指導中、子どもが画面をオフにしてしまうことがあり、そのときはどうしたらよいのか戸惑いました。オンライン指導中に周りに助けを求めることは、より難しいですし、何よりも子どものコミュニケーションがうまく取れなくなってしまうのが大変だったと思います。
ー確かに、子どもの顔が見えないと指導は難しいのではないかと思います。そういった課題に対してどのように対処しましたか?
指導する中で画面をオフにしてしまった子どもは2人いたのですが、1人目の子ども(Kさん)は、お話上手な子で普段は顔を見せてくれていたんです。しかし、ある掛け算の問題を間違えてしまったことにショックを受けてしまい、数分の間画面をオフにしてしまいました。
その授業の後、Kさんがとった行動に対して、細かく振り返りを行うことで、何が原因だったのかを考えました。
恐らく要因は色々あったと思うのですが、1つの要因としては教材に入る前に「掛け算って覚えている?」という私の問いに対して「何年生だと思ってるの?」という子どもとのやりとりがあったからではないかと思っています。つまり、子どもにとって、初歩的なミスをしてしまったということが傷ついてしまった理由だったのではないかと考えました。
また、問題を間違ってしまったとき、どのように解き直しをしたら分かりやすいかということまでは考えていたのですが、どのような声かけをするかについてまでは考え切れていませんでした。適切な声かけをできなかったことや準備不足だったことを後悔して、次回の授業に活かすようにしました。
もう1人の子ども(Yさん)は、初めから顔を出さずに指導に参加していました。また、それ自体は悪いことではないのですが、レスポンスが少しゆっくりめだったり自分から話すことがなかったりという特徴を持っていました。

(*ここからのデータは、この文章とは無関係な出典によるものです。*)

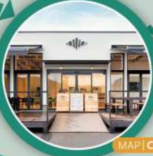
MAP | C-3

デザイン性の高いお洒落な店舗では、くじら橋を見ながら良質なコーヒーとクロワッサンが味わえる。 (電話) 050-3749-3202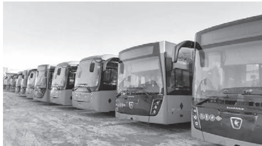
■ Фото пресс-службы АПК.

Междугородные и пригородные автобусы оснащены системами климат-контроля, регулирования уровня пола,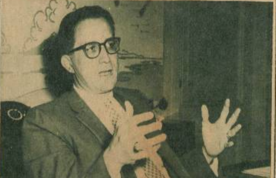
"Cualquier banco cubano puede tener el efectivo que necesite en caso de emergencia".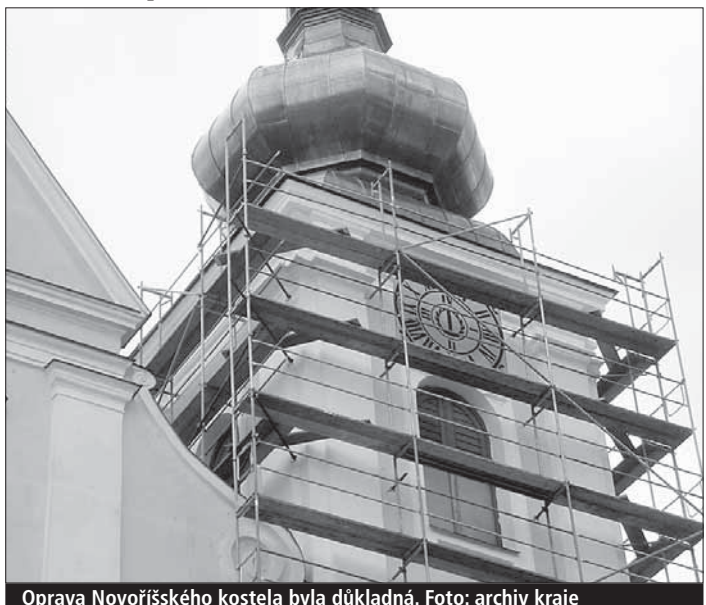
Oprava Novoříšského kostela byla důkladná.

Nejúspěšnějším žadatelem, který z norských fondů získal téměř 5,3 milionu korun, je Diakonie Česko-bratrské církve evangelické – středisko Myslibořice, která obnovuje střechu a unikátní krov pravého křídla barokního zámku v Myslibořicích. Dokončení této akce se přepokládá v polovině příštího roku.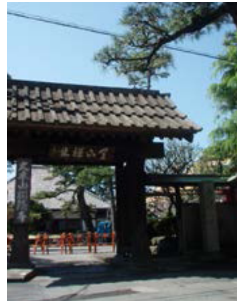
Cổng chùa Tòng Âm

Ít lâu sau Huệ Hạc bắt đầu dùng Pháp hiệu Bạch Ẩn (Hakuin). Điều này ngụ ý từ nay về sau Sư không rời xa chùa Tòng Âm, bởi vì Pháp hiệu của Sư dẫn xuất từ tên chùa đầy đủ là Hạc Lâm Sơn Tòng Âm tự (Kakurin-zan Shòin-ji), tức là chùa dưới bóng cây tùng trên núi Hạc Lâm. Khi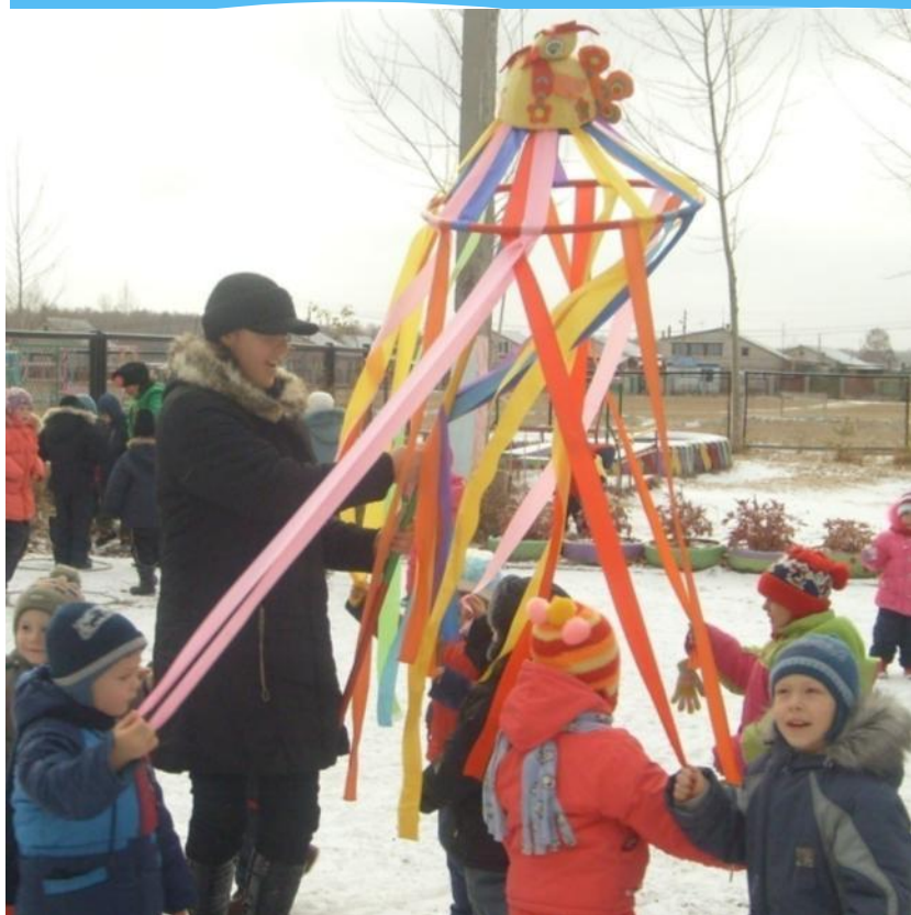
Фестиваль народных игр Южного Урала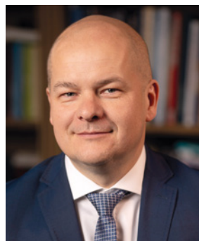
ANDRZEJ NOWAKOWSKI Prezydent Miasta Płocka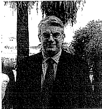
— Il sindaco Giorgio Zinno

«Per la prima volta pubblichiamo un avviso finalizzato a creare un elenco da cui attingere soggetti che vogliono impegnarsi in questo e in altri progetti - spiega il sindaco Giorgio Zinno. La sinergia tra pubblico e privato rappresenta una marcia in più per rispondere ai bisogni emergenti stando al fianco di persone che hanno bisogno di sostegno. Con le opportunità messe a disposizione e le risorse che abbiamo intercettato, ci impegniamo a demolire quelle dinamiche di esclusione e marginalizzazione soprattutto nei confronti dei "diversi" che premono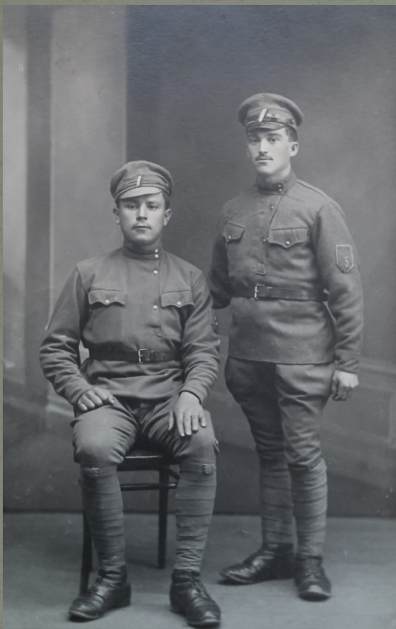
Vladivostok Rusko 1918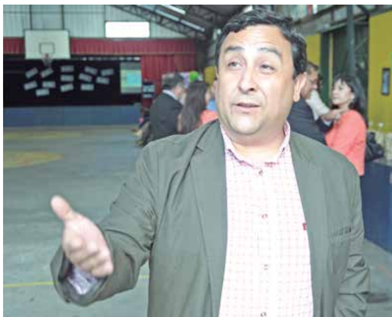
EL POLÍTICO FALANGISTA anunció un proceso de inspección a mediados de enero.

De igual modo, el líder de la Comisión de Medioambiente del Concejo Municipal desestimó que arribo de toneladas de basura no tenga impacto significativo.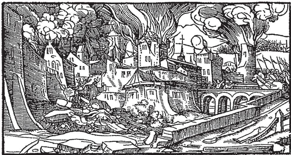
OBR. 1. Dřevořezná knižní ilustrace ze Steynerova překladu Hájkového textu k roku 1541. Převzato z: Jan KOZÁK — Petr CHOTĚBOR, Ilustrace k soudobé zprávě o požáru Pražského hradu roku 1541 , Průzkumy památek 8/1, 2001, s. 146.

se však nabízí i další možnost interpretace tohoto cenného vyobrazení. Nedá se totiž bezvýhradně souhlasit s výchozí tezí, že na vedutě „nejsou rozpoznatelné notoricky známé hradní dominanty viděné na standardních historických grafických pohledech na Pražský hrad od jihu, jakou je hlavní věž Svatovítského chrámu, východní část lodi katedrály či Vladislavský sál a Ludvíkovo křídlo“. 5 Naopak, z hlediska archeologa detailně obeznámeného s terénní situací Pražského hradu, dnes překrytou mnohými historickými přestavbami, lze zobrazení veduty v řadě aspektů snadněji ztotožnit s členitou jižní partií Pražského hradu než se situací nad svahem Jeleního příkopu a potokem Brusnicí.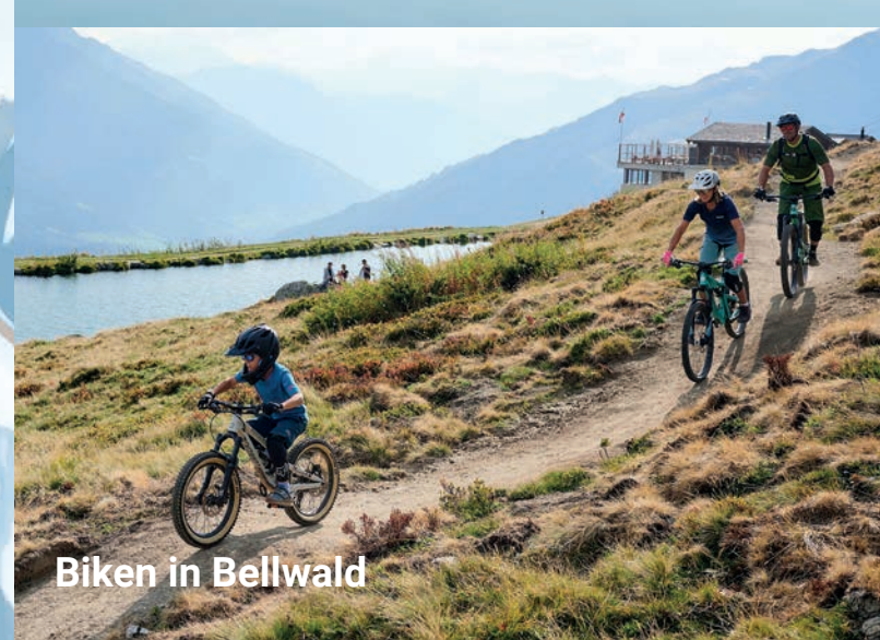
Biken in Bellwald

しかし、授業回数を重ねるごとに、自分の顔を見せてくれるようになり、画面の向こう側の笑顔が増え、そして自ら話してくれるようになっていったんです。
そのような変化が見られるようになったのは、彼女にとっての安心空間づくりを意識し、”待つコミュニケーション”を取ったからではないかと私は思っています。この経験から、安心空間づくりにおいて、子どものペースに合わせることの重要さを実感しました。
また、だんだんとYさんの話したいというWANTが見えたので、関わり方も工夫していきました。
ーどのように工夫していったのですか?
LFAでは、子どものDo,Think,Feel,Want(DTFW)を大切にしています。この場合も、YさんのDTFをそれぞれ細かく見ていくことで、どのような話したいWANTを持っているのかをより深く考えることをしました。
また、私は1人で2人の生徒を指導していたので「Yさんはどう思う?」という声かけを増やし、発言量についても気を配りました。
ーLFAの活動を通して、何か変化した気持ちはありますか?
LFAで関わった子どもたちは、本当に明るく接してくれる子どもが多く、純粋に「この子どもの笑顔を守りたい」という気持ちを持つようになりました。
それと同時に、「格差を許せない」という気持ちも大きくなりましたね。
研修での”子どもの20年後を考える”というフレーズがあったのですがその時には「子どもの未来も守りたい」という気持ちも生まれました。
新たにしてくれたというか、LFAの活動に参加することで、元々持っていた「教育格差を解決していきたい」という想いを強くしてくれたと感じています。
ー最後に一言、お願いします!
日本は豊かな国だからこそ、相対的貧困という問題は見過ごされやすいものだと思っています。その中で、私のように相対的貧困を経験したということは、確かに悲観することもできますが、「私は他の人とは違った観点から子どもの支援ができる大人なんだ」と前向きにとらえる方が有益だなと思うにしました。
だからこそ、その当事者である経験を生かして、子どもたちに寄り添い、自分にしかできない方法で格差に苦しむ子どもを支援していきたいです。